Segment Start: Entries supplied

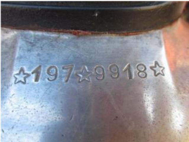
Foto 10x13 TARGHETTA IDENTIFICATIVA
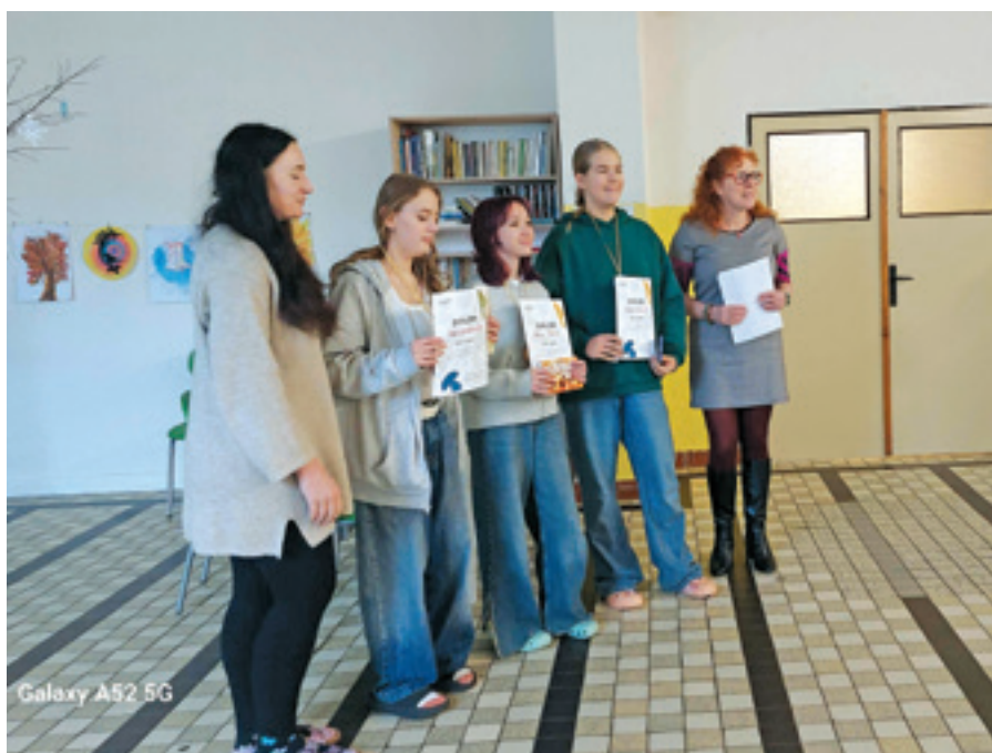
Školní kolo Konverzační soutěže

Ve čtvrtek dne 15. ledna se deset nejlepších uživatelů anglického jazyka naší školy sešlo v učebně angličtiny, aby prokázalo své dovednosti a schopnosti.
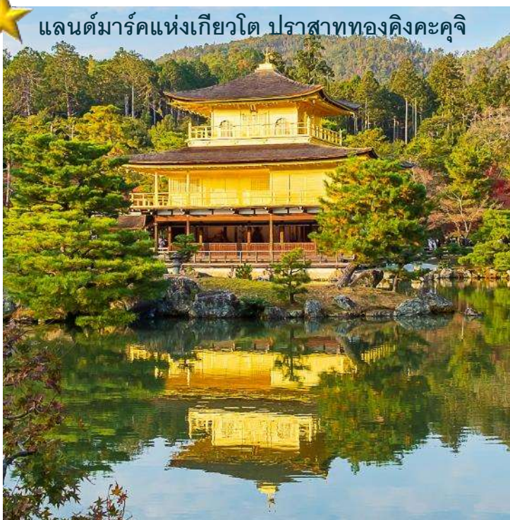
แลนด์มาร์คแห่งเกียวโต ปราสาททองคิงคะคุจิ
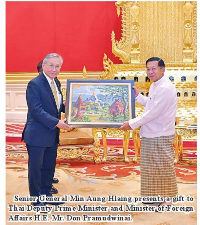
Senior General Min Aung Hlaing presents a gift to Thai Deputy Prime Minister and Minister of Foreign Affairs H.E. Mr. Don Pramudwinai.

Lt-Gen Ye Win Oo, Union Minister for Foreign Affairs U Than Swe, Union Minister for International Cooperation U Ko Ko Hlaing and officials. The Thai Deputy Prime Minister was accompanied by Thai Ambassador to Myanmar H.E. Mr. Mongkol Visittump and officials. 100
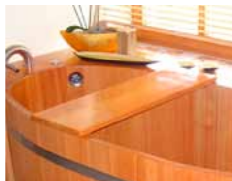
TAB L 80
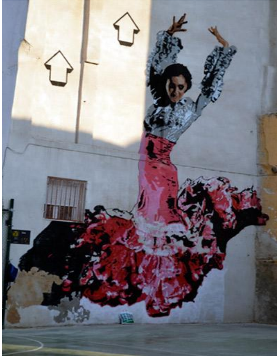
Above, calle Casta Álvarez (Fuente: http://diario.ociourbanozaragoza.es/2013/09/05/el-arte-urbano-asalta-zaragoza-por-octavo-ano/ , consultada en junio de 2015).

Encontramos otra pieza suya en la calle San Pablo 7-17 realizada también para el séptimo Asalto. Se trata de un muro de poca altura en el que el mural se extiende horizontalmente. Simboliza una oficina de empleo, letrero que pueden leerse, y una larga fila de personas esperando a sus puertas que se extiende a lo largo de todo el muro y no deja al viandante indiferente. De las personas vemos la silueta, una sombra negra que nos permite identificar diferentes personas cotidianas y que nos conduce a la idea de deshumanización que provoca el empleo a su vez que supone una crítica a la situación laboral y su sistema capitalista.
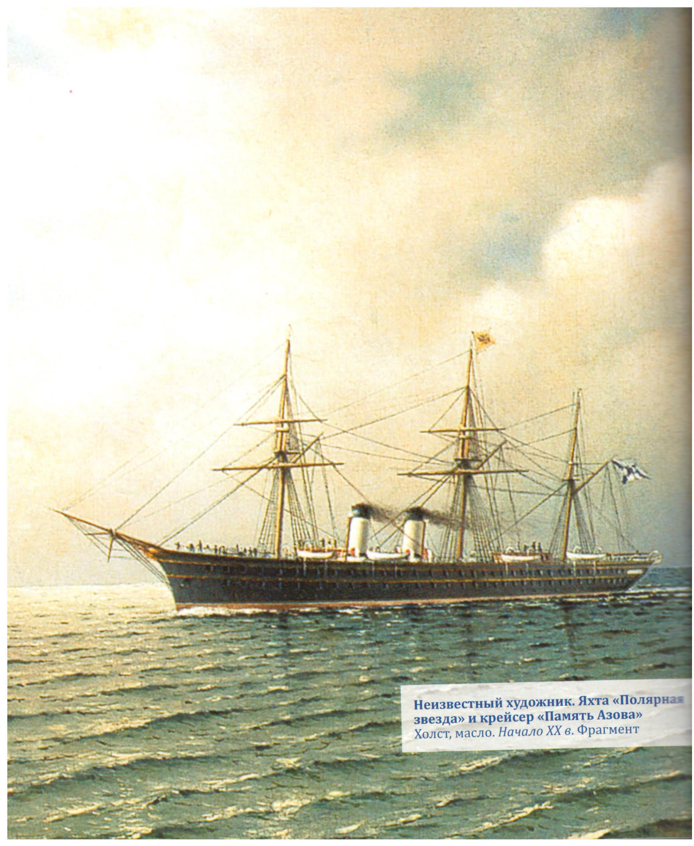
Неизвестный художник. Яхта «Полярная звезда» и крейсер «Память Азова» Холст, масло. Начало XX в. Фрагмент
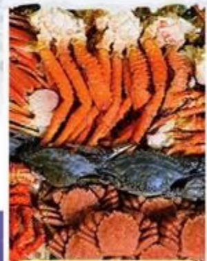
ปิ้งย่างร้านดังมีนตะ

ออนเซ็น 2 คั้น | นน.กระเป๋า 23X2 กก. | 8Days 5Night

Segment End: Entries supplied

• _Activity_: Write down exactly what the lines above say, from the line holding "Školní kolo Konverzační soutěže" through the line holding "แลนด์มาร์คแห่งเกียวโต ปราสาททองคิงคะคุจิ", and nothing more. Do not copy the pictures.

• _Answer space_:
Školní kolo Konverzační soutěže

Ve čtvrtek dne 15. ledna se deset nejlepších uživatelů anglického jazyka naší školy sešlo v učebně angličtiny, aby prokázalo své dovednosti a schopnosti.
แลนด์มาร์คแห่งเกียวโต ปราสาททองคิงคะคุจิ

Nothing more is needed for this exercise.